Although OTEC has good characteristics as a base load power supply, from view point of stability and resource amount, it has not been put to practical use because of its high power generation cost. In our previous paper1), the OTEC generation cost was shown to be reduced to 43.4 ￥/kWh, with 1.25 MW output capacity facility by optimizing the system with water intake and generation equipment. However, it is still much higher than the value, 5 - 10 ￥/kWh, of the coal fired power generation cost. It causes the difficulty of commercial application of OTEC system. The major factor of the high generation cost is low temperature of hightemperature side heat source. In this study, we conducted a conceptual design on the non-concentrating type solar heat collecting system as a low cost auxiliary equipment of the high-temperature side heat source in OTEC. We also optimized the total system by optimizing of the power generation equipment to fit to the temperature range, and estimated its power generation cost for larger scale system. By the calculated results with Kume island conditions, optimum high-temperature side temperature was 95 °C, and generation costs were 11.3 ￥/kWh for 10 MW, 7.0 ￥/kWh for 100 MW and 4.6 ￥/kWh for 1 GW output for each.

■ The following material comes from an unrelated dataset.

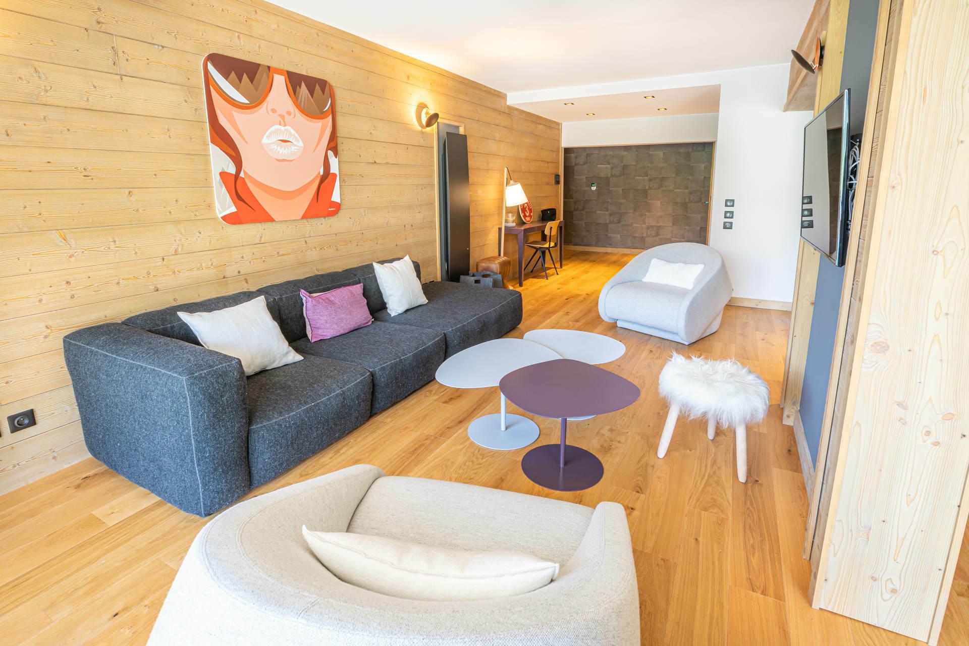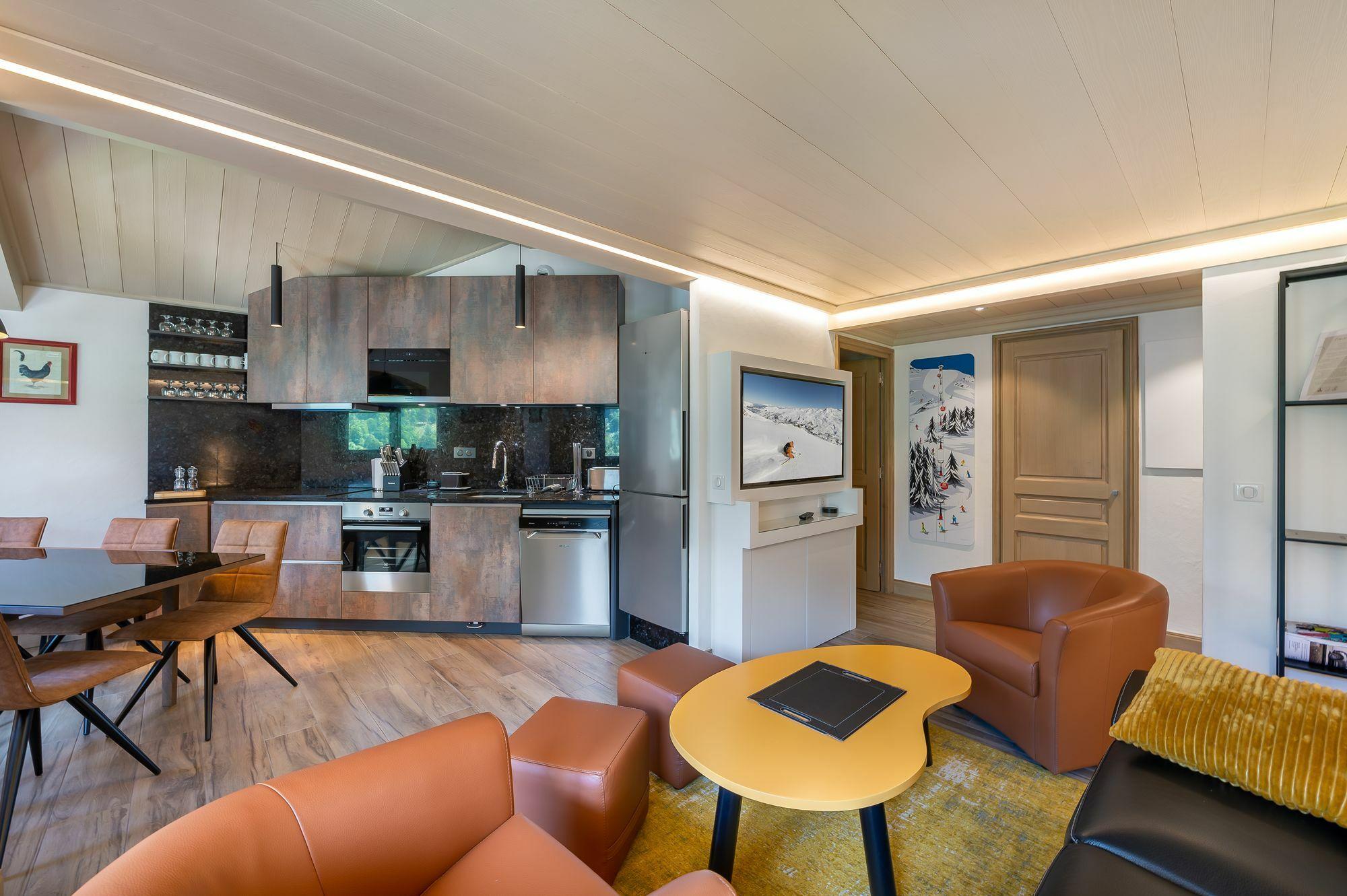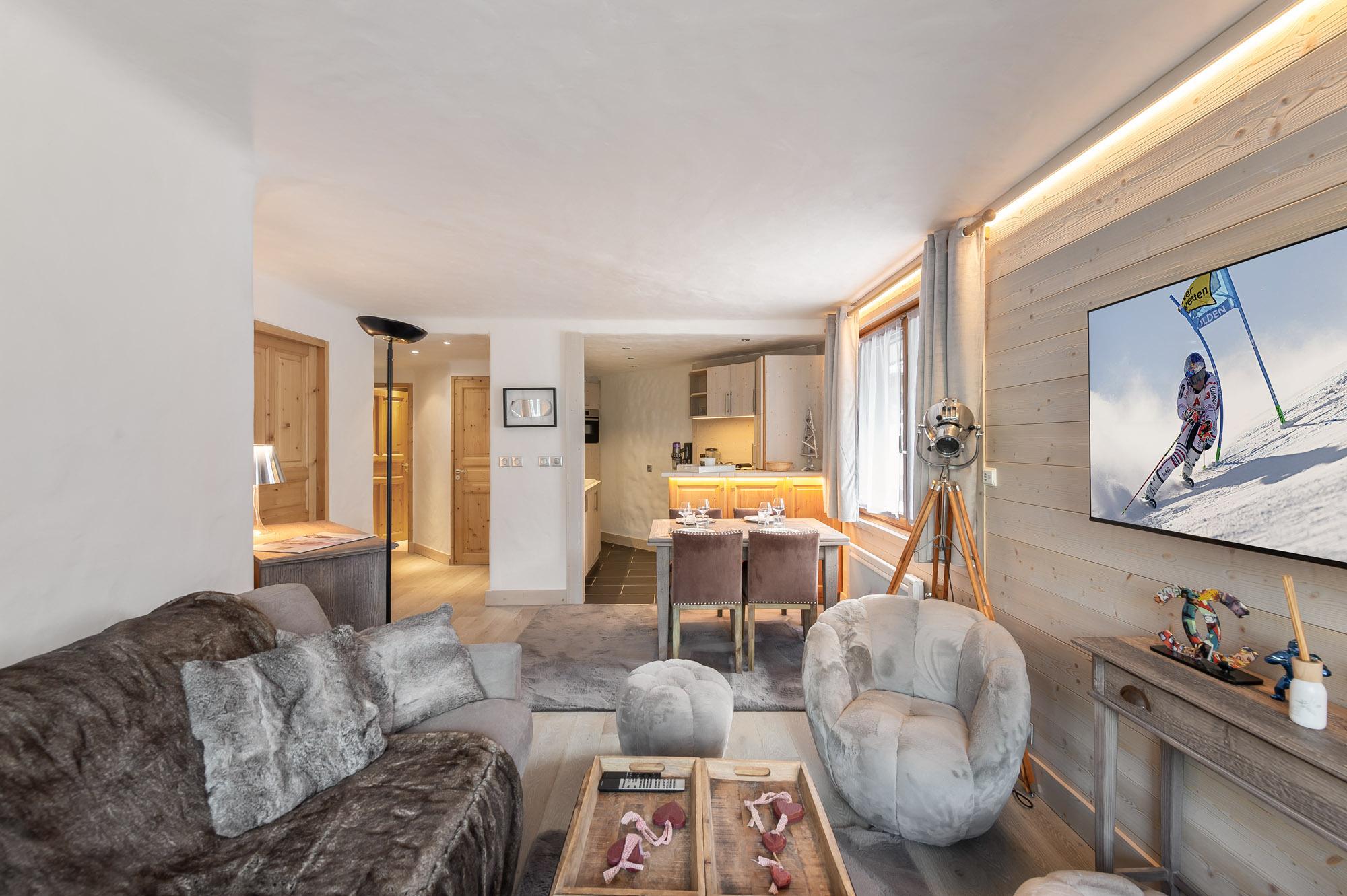 Renovated apartment in a minimalist style, with a view of the resort and the alpine circus of Val Thorens. Easy access to the center of the resort and the ski slopes.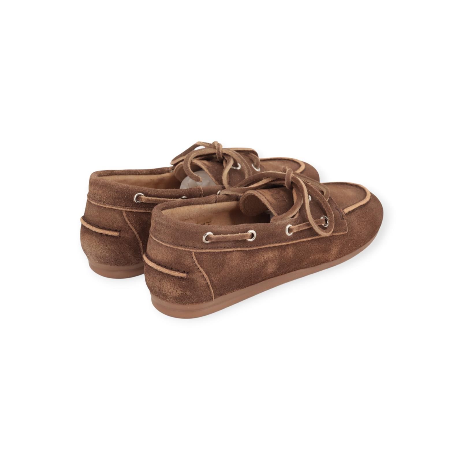 Mocassin Boat Loafer van Posa voor dames. Deze loafer is in bruin suède. Is met vetersluiting en omrand met veters en metalen oogjes. Deze typische bootschoen stijl is de trend voor deze zomer. Is op een aangename antislipzool. Combineer deze met de leuke rode veters om het model nog zomerser en trendy te maken

These figures are comparable or even cheaper than the cost of other renewable systems, and it suggests the competitivity of OTEC to coal fired plant. Although this power generation system is a combination of the past technologies, we found that this kind of technology fusion among many fields in different industries remarkably contributes to the cost reduction with cost engineering and optimization. Additionally selecting the site blessed with solar radiation is expected to reduce the generation cost dramatically. Worldwide there are many sites suitable for this power generation method, suggesting that it will lead to full - commercialization of renewable energy as a base load power supply.